То, что глаза у меня были голубые, так и у мамы с папой тоже были такие. У мамы чуть серее, а у папы почти как у меня. Ну и что? Я не был красавчиком. Моё лицо не было идеально симметричным, как и у папы, кстати. Вот его многие девчонки, смотревшие наш семейный альбом с фотографиями, считали красавцем. Но он был жгучим брюнетом, а я родился
— Надо попробовать нарисовать, — подумал я и, достал из рюкзака свой «планшет», который вырезал из толстого плексигласа и прикрепил к нему простой пружинный зажим в виде двух изогнутых пластин с отверстиями. Планшет был большой и служил в рюкзаке «подспинником», а пружины можно было переставлять, прикручивая их с другой стороны планшета.
По памяти быстро «набросал» скалу и Татьяну, держащуюся правой рукой за скальный выступ, а левой делающей мне жест, типа — «привет». Естественно, получился «вид снизу» и её нижняя часть была слегка, э-э-э, гипертрофирована.
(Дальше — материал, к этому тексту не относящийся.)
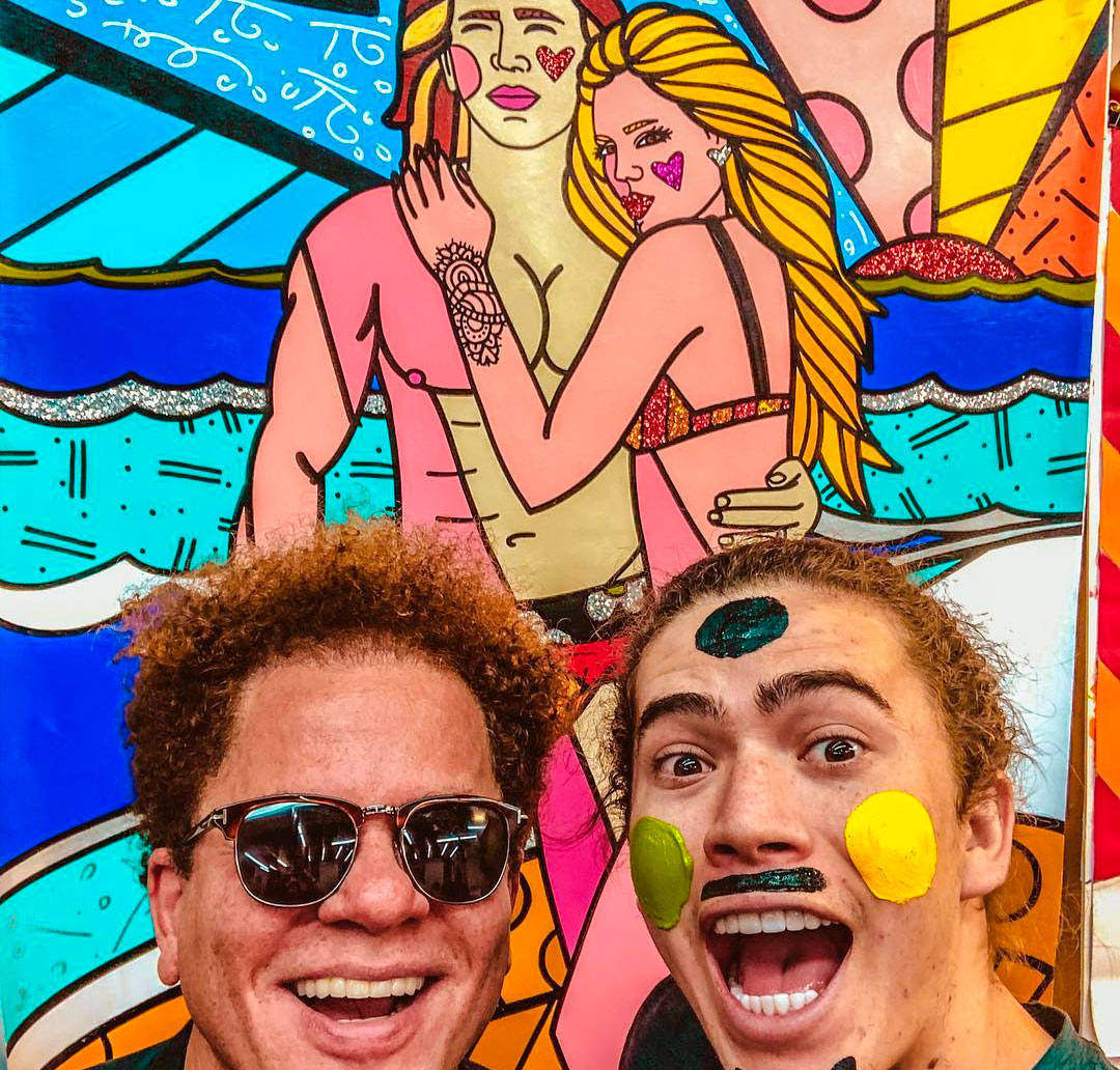 - Eu pintado pelo Romero Britto do lado do Romero Britto em frente a um quadro do Romero Britto!
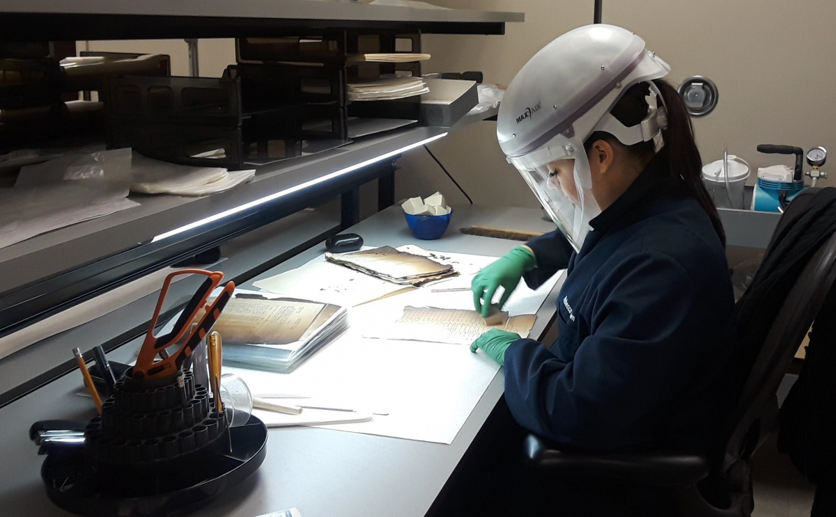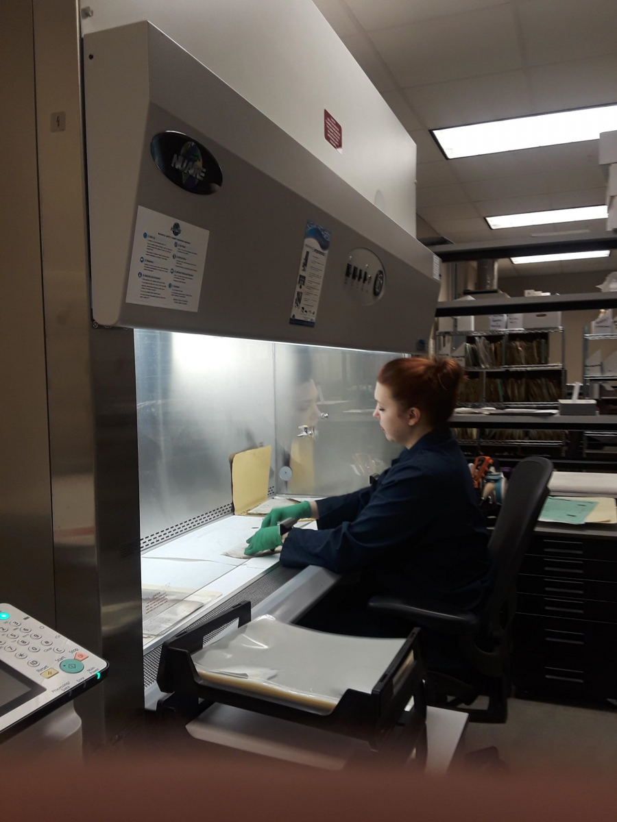 The Decontamination Lab is the necessary first stop for damaged records that pose a health hazard. The room is kept under negative pressure to help contain bio-contaminants, such as mold or soot. The treatment work can be performed inside a biosafety cabinet, which protects staff by venting contaminants away from the worker. Staff also use individual respirators at work stations to treat paper that is too fragile to withstand the ventilation within a biosafety cabinet. Before cleaning begins, any fasteners such as staples and paper clips must be carefully removed. Surface cleaning using High Efficiency Particulate Air (HEPA) vacuums, vinyl sponges, and soft brushes removes much, although not all, of the mold and soot. Some mold and dirt may remain embedded in the paper fibers where it cannot be removed without further damaging the paper. Once mold and soot abatement is complete, the record moves from the Decontamination Lab to the Wet Lab for further treatment if pages are distorted, torn, or fragmented.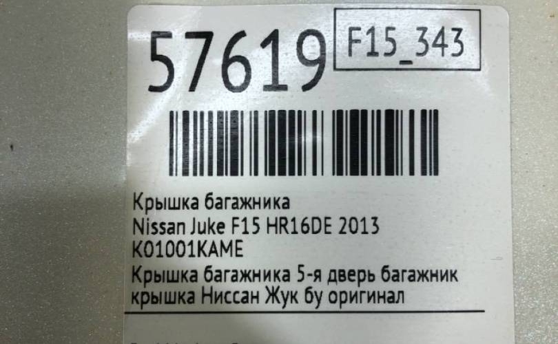 Крышка багажника Nissan Juke 2013 K01001KAME F15 HR16DE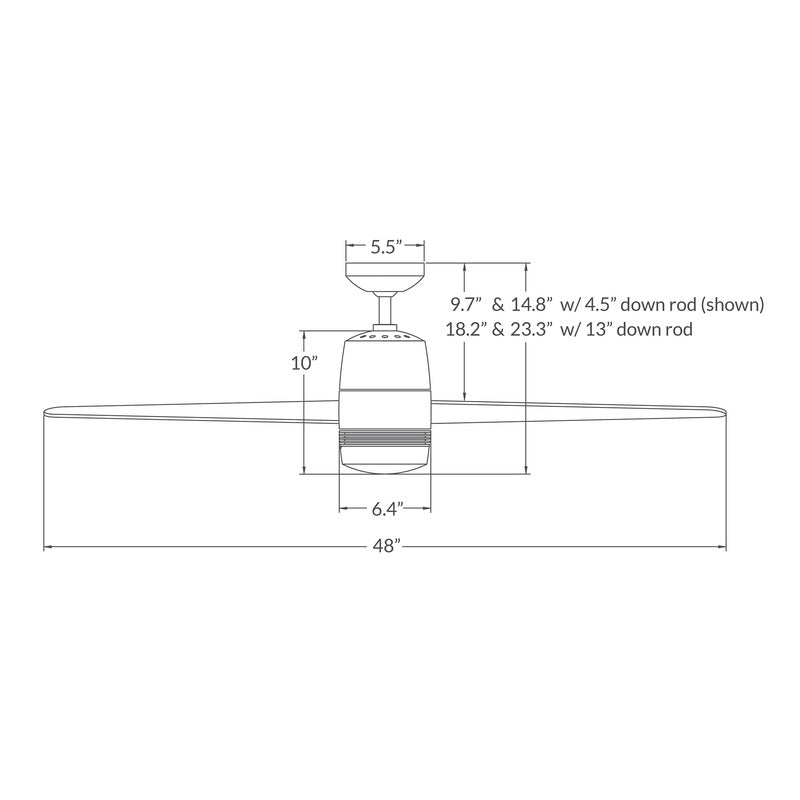 - Ships with 4.5 and 13 inch downrods

Не на столько чтобы сильно бросаться в глаза, однако. Девушка смотрела прямо мне в глаза и мне подумалось, что если добавить в серый карандашный рисунок зелёного, то будет хорошо. Я добавил её глазам чуть-чуть зелени и Татьяна вдруг ожила.
Это был невероятный визуальный эффект. Казалось, что она сейчас что-то скажет и продолжит спускаться. На рисунке было видно, что она именно спускается со скалы, а не поднимается. Добавив ещё немного деталей скале, я повесил планшет за верёвку на штору напротив форточки, где на неё падал хоть и неяркий и дождливый, но всё же свет.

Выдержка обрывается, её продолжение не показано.